Family and loss are at the centre of Walter Salles‘ politically charged time capsule. Much time is spent establishing Rubens as the kind of husband and father that a man should aspire to be, someone loving with a sense of community and the fortitude to stick with his homeland through the hard times. This attention to the day-to-day life of the Paiva family early on is wise, as to make us miss Rubens as a character, just as much as his loved ones.

Attention to detail has also been important in the recreation of early 1970s Rio de Janeiro, the music, the society and the production design all feel authentic to the era. Numerous times throughout I’m Still Here, crowded city streets bustling with traffic are depicted with such authenticity that I was sure the film had to be incorporating archival footage!

The climate of the time, fear and paranoia that any knock on your door or roadside inspection could result in terror is also recreated. Yet, we see this mayhem not on a grander scope but one more through the domestic eyes of the Paivas. The TV tells us of violent political kidnappings, terrorist demands and turmoil, although we don’t really see it firsthand. A major theme of I’m Still Here is the oppression secrecy, and the lack of government accountability it brings. For over a quarter of a century, the Paiva family were forced to deal with the daily pain of not knowing what happened to their patriarch. But this frustration is something which I’m Still Here causes in its own way.

Despite an in-depth introduction to the family’s picturesque way of life, things become cagey and obtuse as the film goes on. We feel that we are right there with the family in their loss at first, but really, we’re not. Conversations start midway through, and we often feel like we are playing catch up to these characters lives and their experiences, rather than experiencing it alongside them.

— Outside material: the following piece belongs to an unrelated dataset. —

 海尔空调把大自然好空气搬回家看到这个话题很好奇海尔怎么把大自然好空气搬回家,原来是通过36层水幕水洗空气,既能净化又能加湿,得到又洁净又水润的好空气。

Even Rubens’ own clandestine business is kept behind closed doors and we the audience are as clueless to his dealings as Eunice is. Something reflected later, as Eunice chooses not to keep her children informed on the information that she has herself. Opting to treat the stark reality that their father is never coming home, much like Santa Claus or the Tooth Fairy, as if it’s something that her kids will just figure out on their own… eventually.

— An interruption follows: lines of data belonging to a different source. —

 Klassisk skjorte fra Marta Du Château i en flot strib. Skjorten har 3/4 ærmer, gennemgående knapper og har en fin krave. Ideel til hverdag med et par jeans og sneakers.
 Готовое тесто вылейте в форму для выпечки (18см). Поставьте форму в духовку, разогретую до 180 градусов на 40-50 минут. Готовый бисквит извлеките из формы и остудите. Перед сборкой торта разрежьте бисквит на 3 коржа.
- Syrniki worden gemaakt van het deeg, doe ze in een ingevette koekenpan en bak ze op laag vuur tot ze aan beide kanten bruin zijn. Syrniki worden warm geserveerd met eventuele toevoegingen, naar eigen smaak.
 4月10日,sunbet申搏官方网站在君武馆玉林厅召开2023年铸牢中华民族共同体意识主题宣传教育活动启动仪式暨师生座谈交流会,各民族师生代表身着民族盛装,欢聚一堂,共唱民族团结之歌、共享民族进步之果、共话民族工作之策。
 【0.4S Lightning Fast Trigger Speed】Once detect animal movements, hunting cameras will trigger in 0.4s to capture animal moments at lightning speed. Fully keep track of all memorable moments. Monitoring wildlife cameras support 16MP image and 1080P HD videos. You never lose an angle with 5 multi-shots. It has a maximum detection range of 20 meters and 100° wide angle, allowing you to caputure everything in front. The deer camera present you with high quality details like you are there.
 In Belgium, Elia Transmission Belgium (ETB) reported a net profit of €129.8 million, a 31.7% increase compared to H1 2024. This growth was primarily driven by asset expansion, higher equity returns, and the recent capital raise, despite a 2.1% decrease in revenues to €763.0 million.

There are interesting questions the film could explore regarding this: the morality of keeping secrets from loved ones and whether they have the right to know. “We didn’t tell you anything to keep you safe”, says a cigar smoking man to a woman who just spent two weeks locked up and starving in a prison cell, unsure of her family’s safety. But the I’m Still Here isn’t interested in tackling anything other than a fairly procedural, if illusive, story of the Paiva family’s experiences. This happened, and then this happened, and then this happened etc.

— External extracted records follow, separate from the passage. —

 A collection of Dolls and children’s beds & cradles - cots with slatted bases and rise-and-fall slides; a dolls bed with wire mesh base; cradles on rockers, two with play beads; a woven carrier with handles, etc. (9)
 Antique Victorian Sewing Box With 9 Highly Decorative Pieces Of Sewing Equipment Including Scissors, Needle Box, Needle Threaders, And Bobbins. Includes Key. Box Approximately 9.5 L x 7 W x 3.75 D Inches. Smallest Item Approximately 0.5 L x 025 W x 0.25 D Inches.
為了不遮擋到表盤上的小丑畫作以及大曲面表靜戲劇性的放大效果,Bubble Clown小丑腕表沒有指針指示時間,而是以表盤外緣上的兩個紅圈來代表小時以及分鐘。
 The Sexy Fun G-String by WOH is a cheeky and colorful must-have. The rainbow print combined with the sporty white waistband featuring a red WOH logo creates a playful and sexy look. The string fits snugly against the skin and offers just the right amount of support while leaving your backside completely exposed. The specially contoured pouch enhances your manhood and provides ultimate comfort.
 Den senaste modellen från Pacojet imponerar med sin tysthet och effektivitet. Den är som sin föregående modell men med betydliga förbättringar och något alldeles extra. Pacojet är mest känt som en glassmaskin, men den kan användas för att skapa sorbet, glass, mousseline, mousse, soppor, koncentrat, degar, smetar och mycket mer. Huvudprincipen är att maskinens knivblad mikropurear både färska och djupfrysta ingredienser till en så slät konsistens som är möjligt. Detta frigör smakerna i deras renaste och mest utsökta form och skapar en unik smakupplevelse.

So, what is it about I’m Still Here that has captured people’s attention? Well, that would be the brilliant performance by Fernanda Torres which elevates the entire feature. The portrayal of this strong woman forced to pick up the pieces of her life, to show resilience and to move on for the sake of her children is unquestionably inspirational. Torres‘ heartbreaking performance is mighty deserving of her historic Oscar nomination for Actress in a Leading Role.

With an Oscar nomination for Central Station (1998) for her mother Fernanda Montenegro (who here plays an elderly Eunice), it makes them only the second mother-daughter team in history to have been nominated. Even more interestingly, both features are for movies directed by Walter Salles!

Historic and important, I’m Still Here has become one of the most praised films of the 2024/2025 awards season. While choosing not to explore the political or philosophical possibilities, Salles still creates a deeply human story. One which owes a lot to the talent of Fernanda Torres in bringing it all together and giving this sad history it’s emotional centre.